More than 85 percent of business and IT leaders agree that Big Data offers substantial value in its ability to make more informed business decisions and foster a data-driven organization. Top-ranking business outcomes include staying ahead of market trends, competitive advantage, improved customer satisfaction, increased employee productivity and improved information security or compliance.

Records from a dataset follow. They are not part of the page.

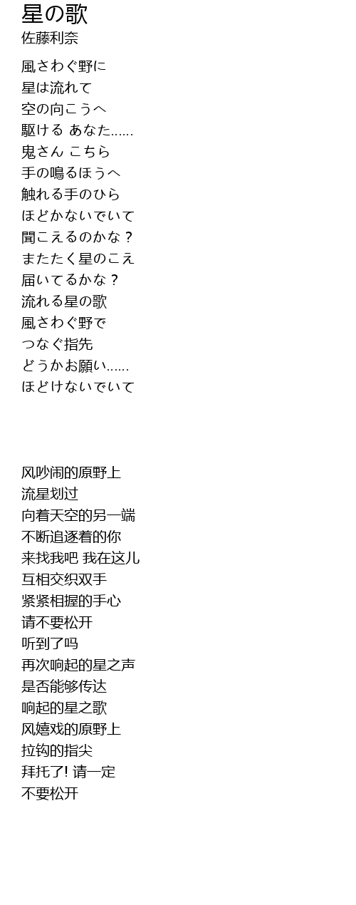 | 歌曲 | 星の歌 |
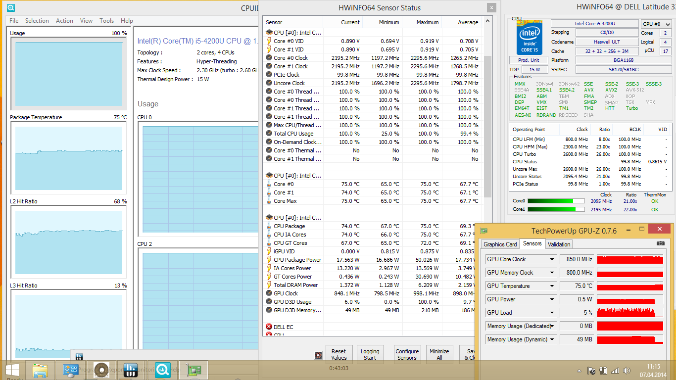 Wie setzt der Core i5 4200U unter Last seinen Turbo ein? Prime95 setzt alle vier Kerne unter Last, der Takt verharrt dann bei 2,2 GHz. Das ist etwas weniger als die versprochenen 2,6 GHz, welche aber sowieso nur für Single-Thread (ein Kern) gelten. Die Temperatur liegt während dieses Tests bei 75 Grad.
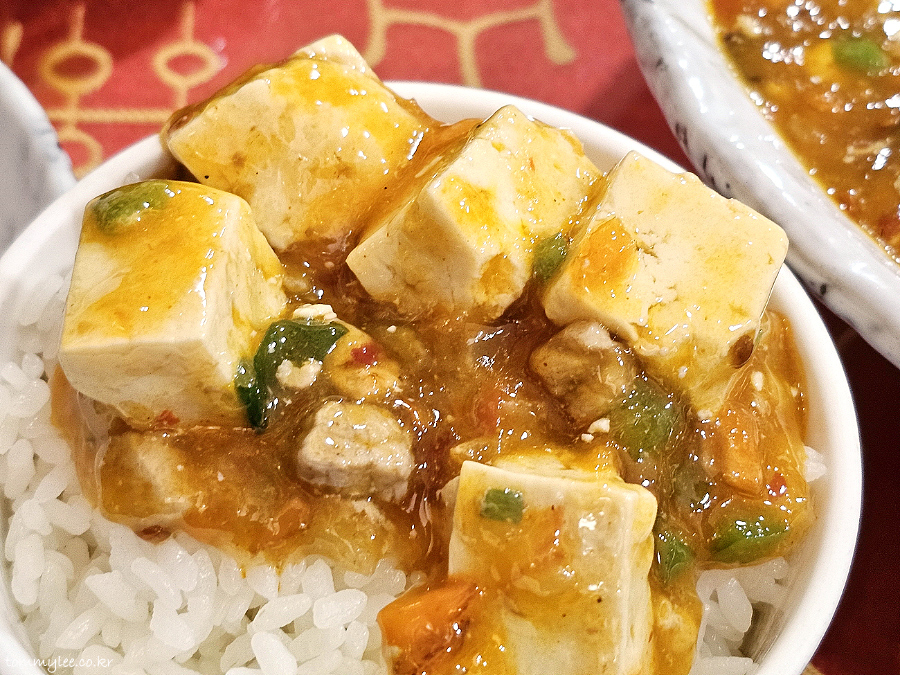 여긴 리얼 두반장이 들어가서 좋음.. 지인분께서는 장에 들어가는 콩이 그대로 보인다며 신기해하셨어요.. 보통 마파두부에 콩 알갱이가 있진 않으니까..
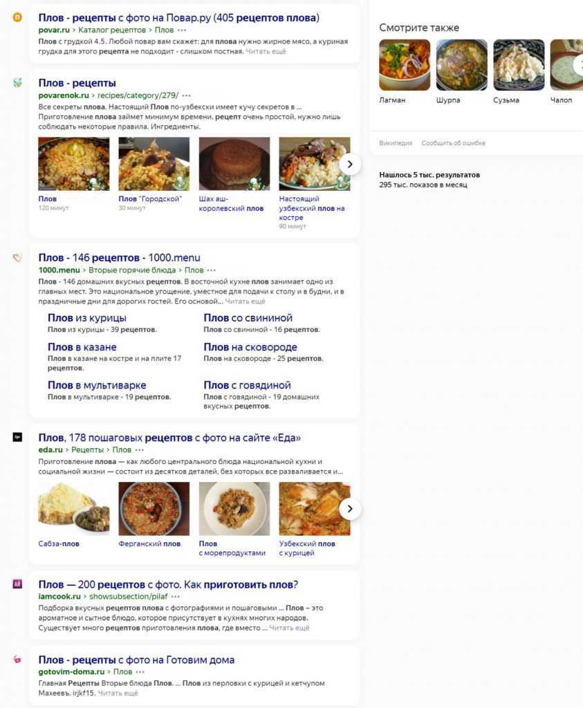 По ним результаты поиска будут одни и те же. Обычно это информационные или топонимические ключи. Например, «приготовить плов», «купить двери в Тольятти», «доставка пиццы Таганрог». Проверить это можно так же, как в предыдущем случае – сравнив первую страницу.
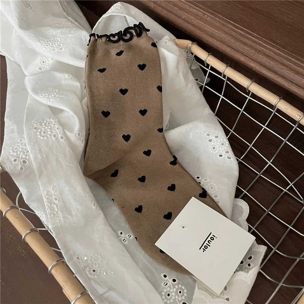 At the heart of our socks is the commitment to quality and style. Made from a cozy blend of cotton, polyester, and spandex, they offer the perfect balance of comfort and elasticity. The middle tube height is ideal for autumn and winter days, providing warmth without bulk. With a solid pattern adorned with adorable heart prints and ruffles, these socks are the epitome of cute and kawaii. Whether you're lounging at home or stepping out in style, they're designed to suit women EUR sizes 34-39, ensuring a comfortable fit for most.
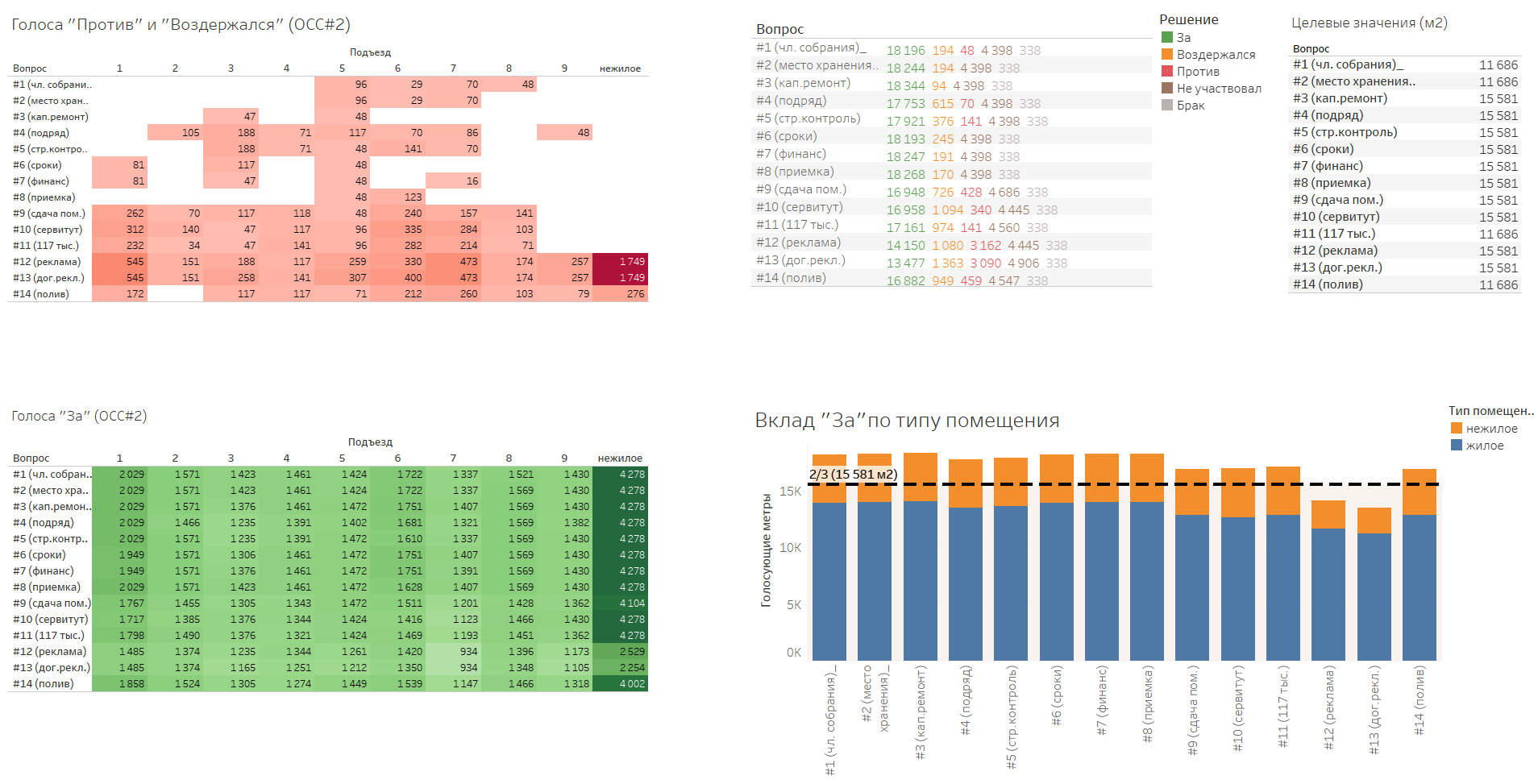 * Обозначение "целевого значения" для вопросов требующих >50% принято условное. При принятии решения оценивается наличие кворума ОСС и наличие голосов "За" от собственников, имеющих площадь >50% от общей площади собственников принявших участие в ОСС (т.е. по факту целевое значение ниже 50% площади дома и определяется количеством участников, принявших участие в голосовании).
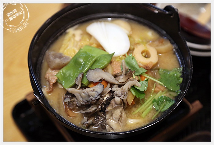 | 打開後香氣撲鼻,鍋裏面還有大量的野菜跟菇類,老實說要在日本吃到大量的蔬菜真的頗為不容易,日本常吃的時候看來看去蔬菜類幾乎都是醃製類,加上群馬縣草津的特製味噌,味噌湯頭喝起來帶點甜味。 |
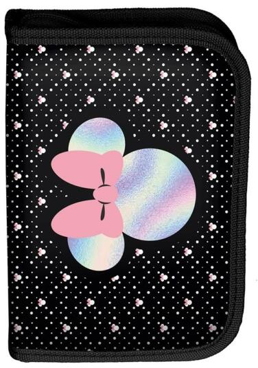 A Minnie Mouse felszerelt tolltartó - Holo Black teljes felszereltséggel kapható. A két, oldalra kihajtható fül rejti az 1 db grafit ceruzát, az 1 db golyós tollat, a 9 db színes ceruzát, a 7 db filctollat, radírt, hegyezőt és 2 db vonalzót. Elejét egy cuki minnie ábrája díszíti.
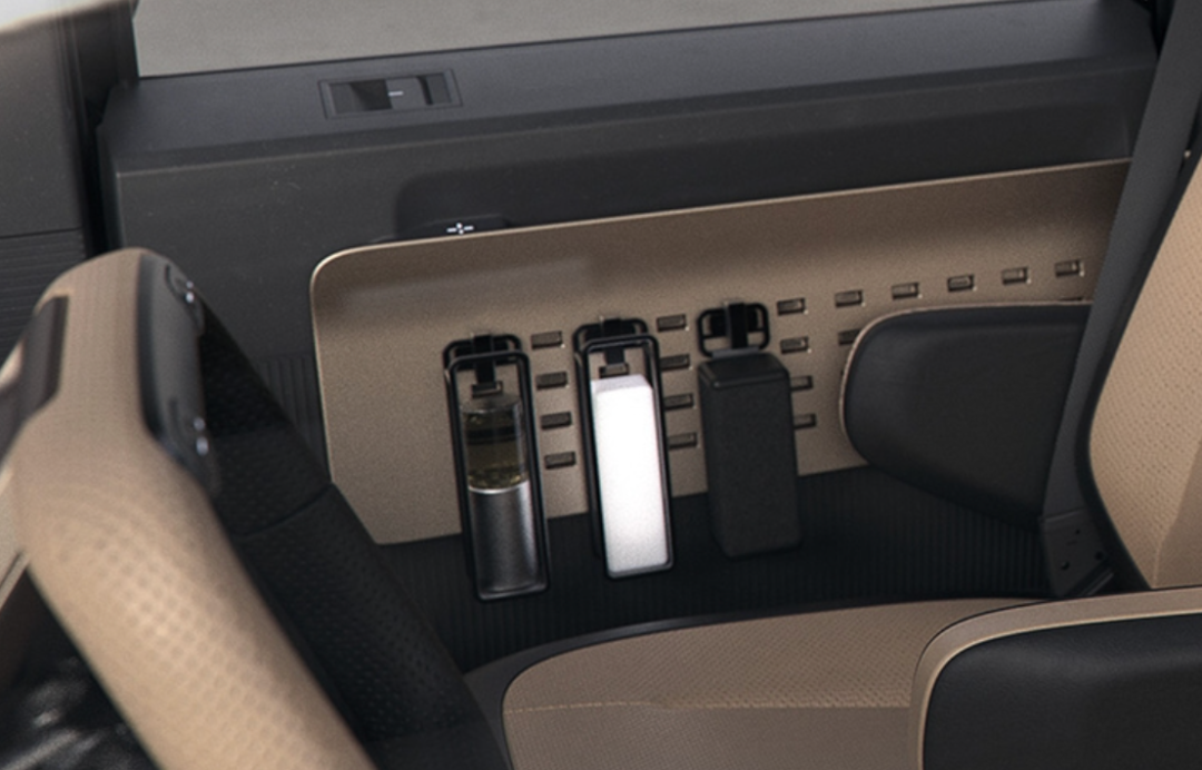 车内还拥有极为丰富的储物空间,如座椅下方的储物格、车门上的洞洞板...你可以在上面挂上各种不同的设备,有很强的扩展性。
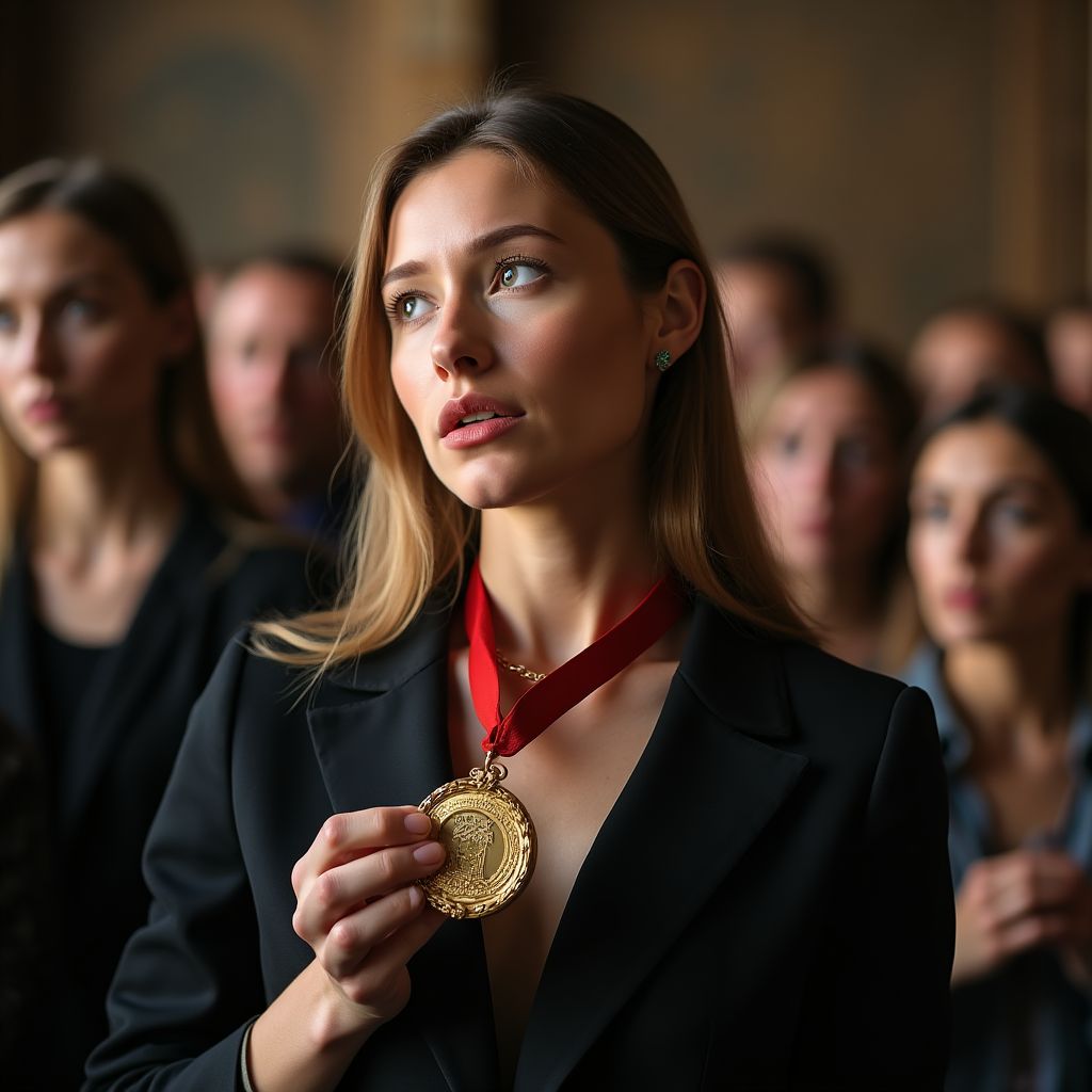 «Почему именно я?» — думала она, глядя на зал и слушая приглушённые разговоры. Мысли метались между волнением и сомнением, сердце билось учащённо, словно предчувствуя перемену. Она пришла сюда не ради похвалы — слишком много темных страниц оставалось в её прошлом, которые никто не должен был раскрыть. Но слушая чужие шёпоты и взгляды, чувствовала, как тяжесть социальной пропасти стала камнем на душе. Её решение стоять здесь сегодня было проявлением не только мужества, но и внутренней борьбы с собственными демонами.
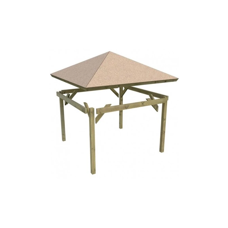 Le kiosque Granada dispose d’une couverture de toit en feutre bitumé. Cependant, afin d’améliorer la protection du kiosque par le toit, nous vous conseillons d’opter pour des shingles disponibles en option.

Despite the perceived business benefits, more than half of respondents (52 percent) rate Big Data project success so far as lukewarm (somewhat successful), and only 23 percent of them perceive Big Data projects to be a success. The inability to automate structured and unstructured data quickly and effectively is among the biggest challenges with 60 percent of respondents noting that Big Data projects typically take at least 18 months to complete. More than half say these projects typically require consultants and other third-party experts to complete.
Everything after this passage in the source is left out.